It happened 900 million years ago, long before the first invertebrates emerged on Earth. An 8.9 solar mass black hole swallowed a 1.9 solar mass neutron star. The violent binge triggered gravitational waves, ripples in space-time like those of a stone falling into a pond. On January 5, two detectors from the LIGO-Virgo collaboration, located in the United States and Italy, captured one of the waves produced in one of the last orbits before the merger. Ten days later, the same detectors recorded a second, similar signal, this time caused by the merger, 1 billion years ago, of a black hole and a neutron star of 5.7 and 1.5 solar masses, respectively.
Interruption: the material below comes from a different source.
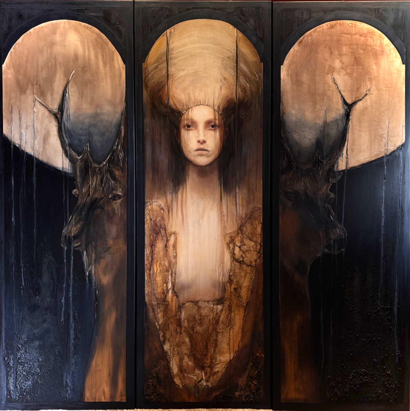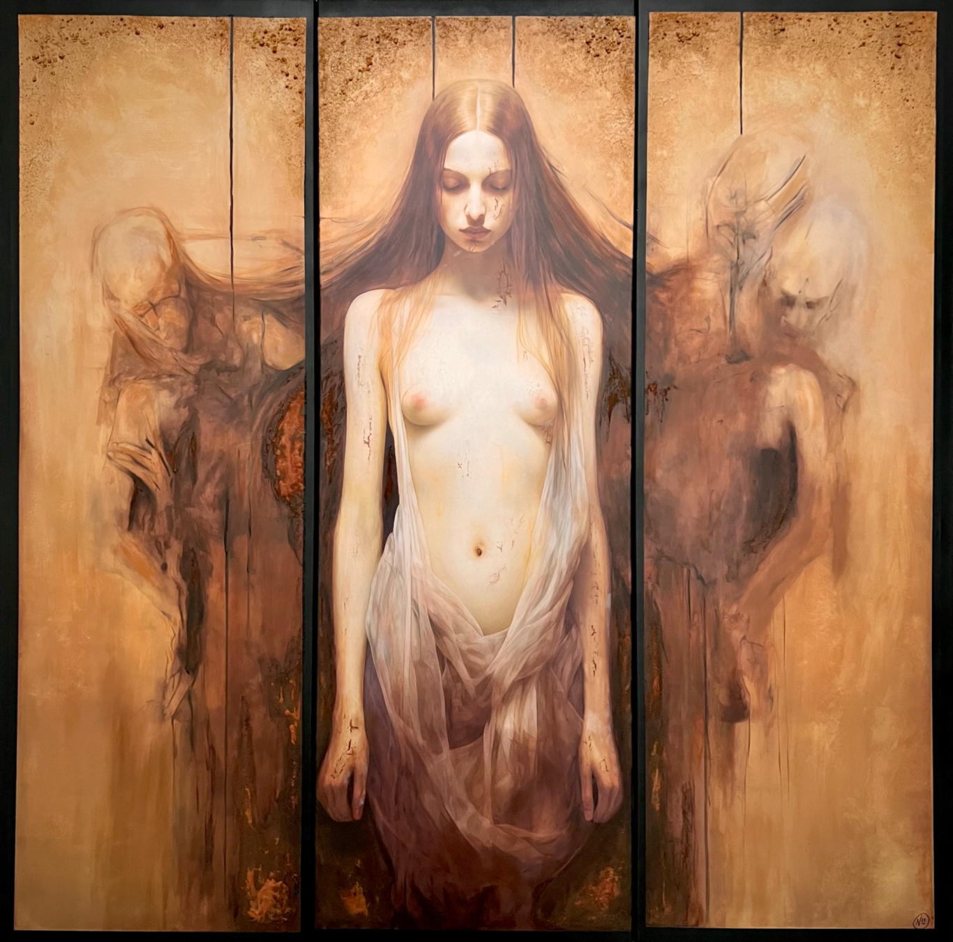 Die Hauptfigur ist in den Werken meist präzise und detailliert ausgearbeitet, was ihre physische Präsenz und emotionale Tiefe betonen soll. Im Kontrast dazu stehen die schemenhaften, fast ätherischen Gestalten an den Seiten, die verschwommen oder stilisiert dargestellt sind. Diese Gegenüberstellung verstärkt das Gefühl von innerer Zerrissenheit und symbolisiert die Suche nach dem Selbstverständnis.

Astrophysicists predicted the existence of these types of binary systems decades ago, but now they have confirmed their existence, a discovery published in The Astrophysical Journal.
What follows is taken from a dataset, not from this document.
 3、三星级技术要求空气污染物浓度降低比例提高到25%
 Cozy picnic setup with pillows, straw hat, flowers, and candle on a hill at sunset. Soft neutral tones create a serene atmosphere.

«The pairs of black holes and neutron stars were for astronomers the ‘missing binary systems’. With this discovery, we can finally begin to understand how many of these systems exist, how often they merge and why we have not yet seen examples in the Milky Way, “said Astrid Lamberts, a researcher at the Virgo collaboration, on Tuesday.
Predicted by Einstein in 1915, gravitational waves are the consequence of the most violent cosmic events. The detection of the first, in September 2015, won the Nobel Prize in Physics for researchers from the LIGO and Virgo consortiums. Those first gravitational waves were the result of the merger of two black holes. Two years later, the first were detected by the collision of two neutron stars. Neutron stars are the smallest and densest known. So much so that a teaspoon of its matter can weigh a billion tons.
Confirming the existence of binary systems of black holes and neutron stars will allow scientists to “deepen our understanding of the most extreme phenomena in the Universe” and test the fundamental laws of physics under extreme conditions that could never be reproduced in the universe.